AIM OF THE TASK:
Only the lines of the listing below that run from the line with "Filé de Frango" through the line with "Step into playful" are to be set down, word for word. Pictures stay out.

PROVIDED DATA:
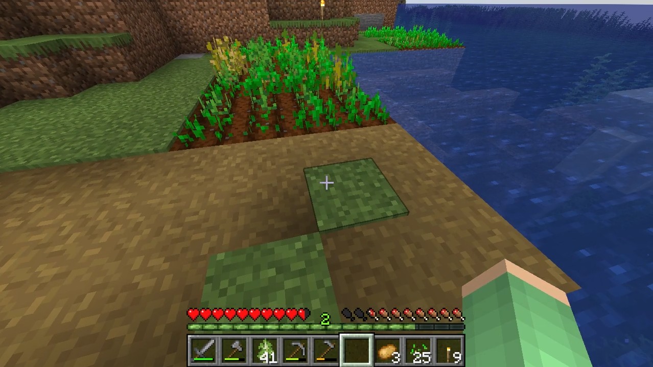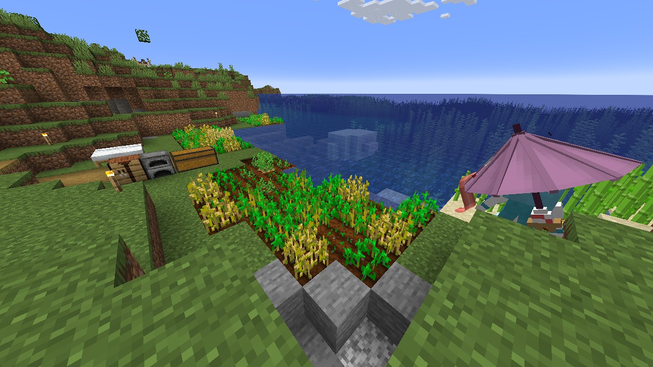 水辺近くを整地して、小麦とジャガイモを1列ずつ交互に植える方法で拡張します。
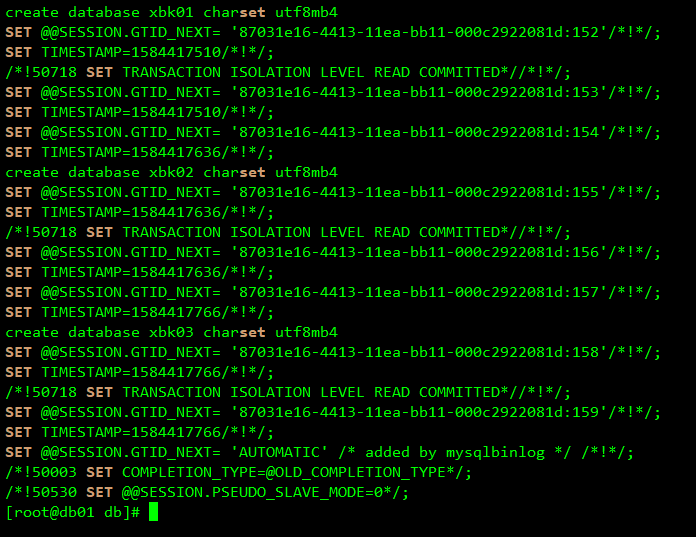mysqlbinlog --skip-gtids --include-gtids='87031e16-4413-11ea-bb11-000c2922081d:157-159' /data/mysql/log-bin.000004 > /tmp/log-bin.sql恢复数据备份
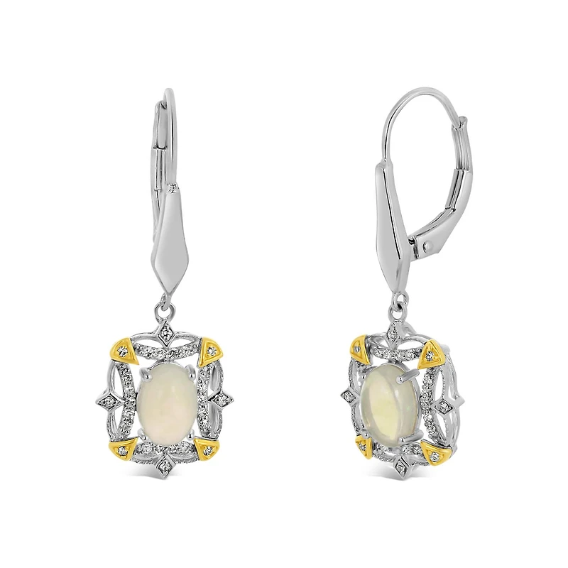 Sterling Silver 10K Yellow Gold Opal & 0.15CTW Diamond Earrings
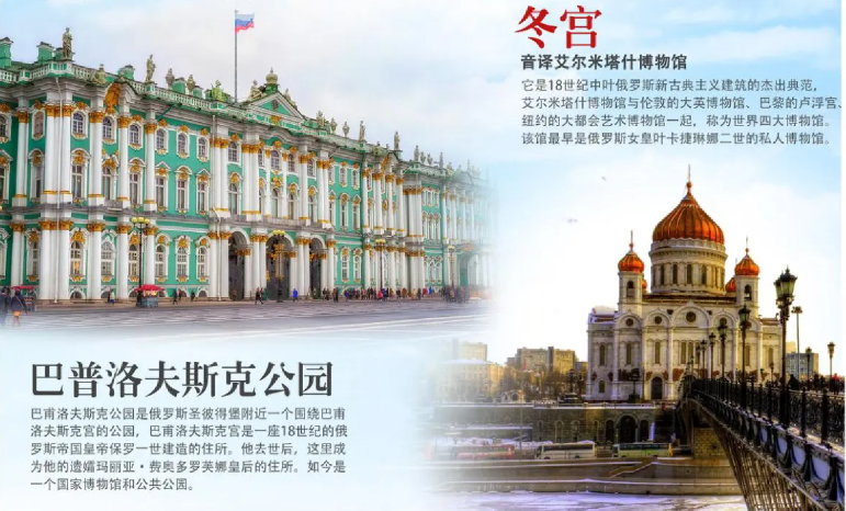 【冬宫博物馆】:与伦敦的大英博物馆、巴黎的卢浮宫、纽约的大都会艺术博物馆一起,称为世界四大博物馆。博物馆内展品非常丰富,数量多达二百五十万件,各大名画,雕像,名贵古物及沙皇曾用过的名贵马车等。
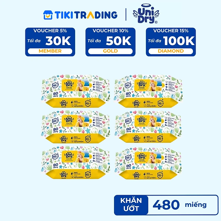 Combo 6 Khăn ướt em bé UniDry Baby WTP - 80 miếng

...

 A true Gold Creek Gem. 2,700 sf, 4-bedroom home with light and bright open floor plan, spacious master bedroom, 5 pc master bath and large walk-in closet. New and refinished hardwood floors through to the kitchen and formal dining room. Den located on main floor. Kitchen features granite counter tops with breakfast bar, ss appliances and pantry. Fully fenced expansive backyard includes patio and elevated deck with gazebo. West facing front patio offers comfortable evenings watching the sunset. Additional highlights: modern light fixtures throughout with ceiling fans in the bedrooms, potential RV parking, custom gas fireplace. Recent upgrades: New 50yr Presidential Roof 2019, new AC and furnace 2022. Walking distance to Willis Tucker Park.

--

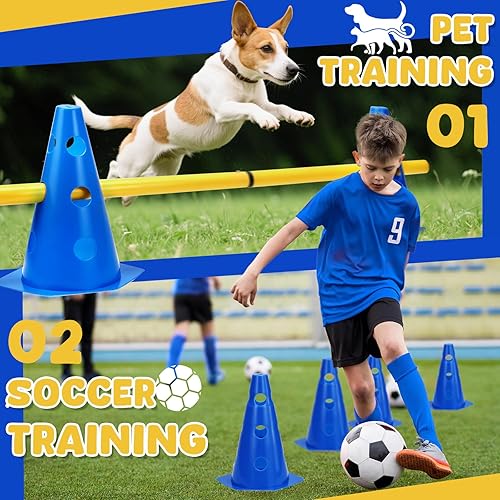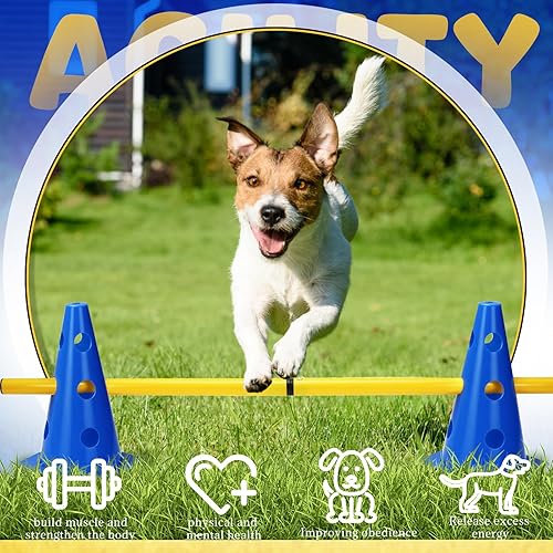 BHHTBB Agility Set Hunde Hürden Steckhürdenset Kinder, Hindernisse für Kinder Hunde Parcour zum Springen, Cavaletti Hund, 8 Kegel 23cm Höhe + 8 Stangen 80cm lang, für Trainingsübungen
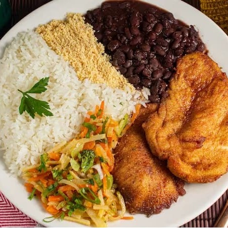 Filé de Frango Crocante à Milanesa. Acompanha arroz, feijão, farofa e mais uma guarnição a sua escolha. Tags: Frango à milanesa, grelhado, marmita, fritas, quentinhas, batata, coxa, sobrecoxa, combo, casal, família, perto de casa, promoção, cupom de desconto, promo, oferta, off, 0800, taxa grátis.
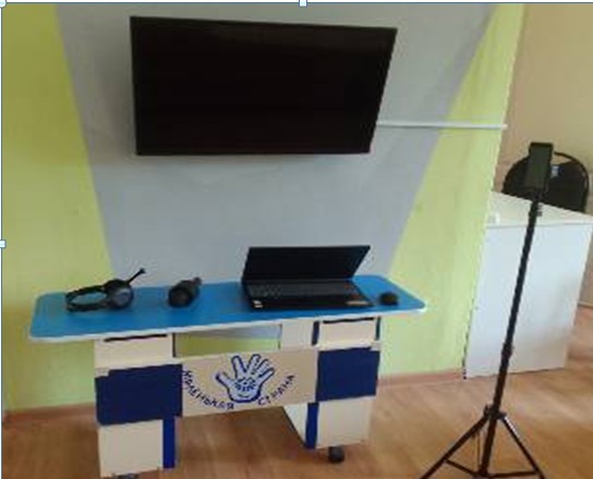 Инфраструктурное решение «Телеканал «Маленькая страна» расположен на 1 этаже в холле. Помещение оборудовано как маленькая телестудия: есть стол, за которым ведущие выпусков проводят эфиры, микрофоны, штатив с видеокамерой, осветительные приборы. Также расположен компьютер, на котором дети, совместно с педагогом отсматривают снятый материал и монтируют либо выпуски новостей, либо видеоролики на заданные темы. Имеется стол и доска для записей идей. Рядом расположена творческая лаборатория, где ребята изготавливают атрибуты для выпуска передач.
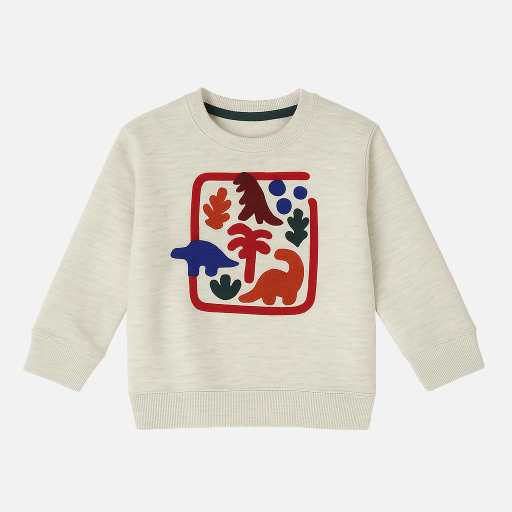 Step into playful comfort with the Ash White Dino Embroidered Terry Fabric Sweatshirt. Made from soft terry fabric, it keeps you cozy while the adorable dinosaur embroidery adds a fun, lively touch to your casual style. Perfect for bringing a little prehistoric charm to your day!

WRITTEN ANSWER:
 Filé de Frango Crocante à Milanesa. Acompanha arroz, feijão, farofa e mais uma guarnição a sua escolha. Tags: Frango à milanesa, grelhado, marmita, fritas, quentinhas, batata, coxa, sobrecoxa, combo, casal, família, perto de casa, promoção, cupom de desconto, promo, oferta, off, 0800, taxa grátis.
 Инфраструктурное решение «Телеканал «Маленькая страна» расположен на 1 этаже в холле. Помещение оборудовано как маленькая телестудия: есть стол, за которым ведущие выпусков проводят эфиры, микрофоны, штатив с видеокамерой, осветительные приборы. Также расположен компьютер, на котором дети, совместно с педагогом отсматривают снятый материал и монтируют либо выпуски новостей, либо видеоролики на заданные темы. Имеется стол и доска для записей идей. Рядом расположена творческая лаборатория, где ребята изготавливают атрибуты для выпуска передач.
 Step into playful comfort with the Ash White Dino Embroidered Terry Fabric Sweatshirt. Made from soft terry fabric, it keeps you cozy while the adorable dinosaur embroidery adds a fun, lively touch to your casual style. Perfect for bringing a little prehistoric charm to your day!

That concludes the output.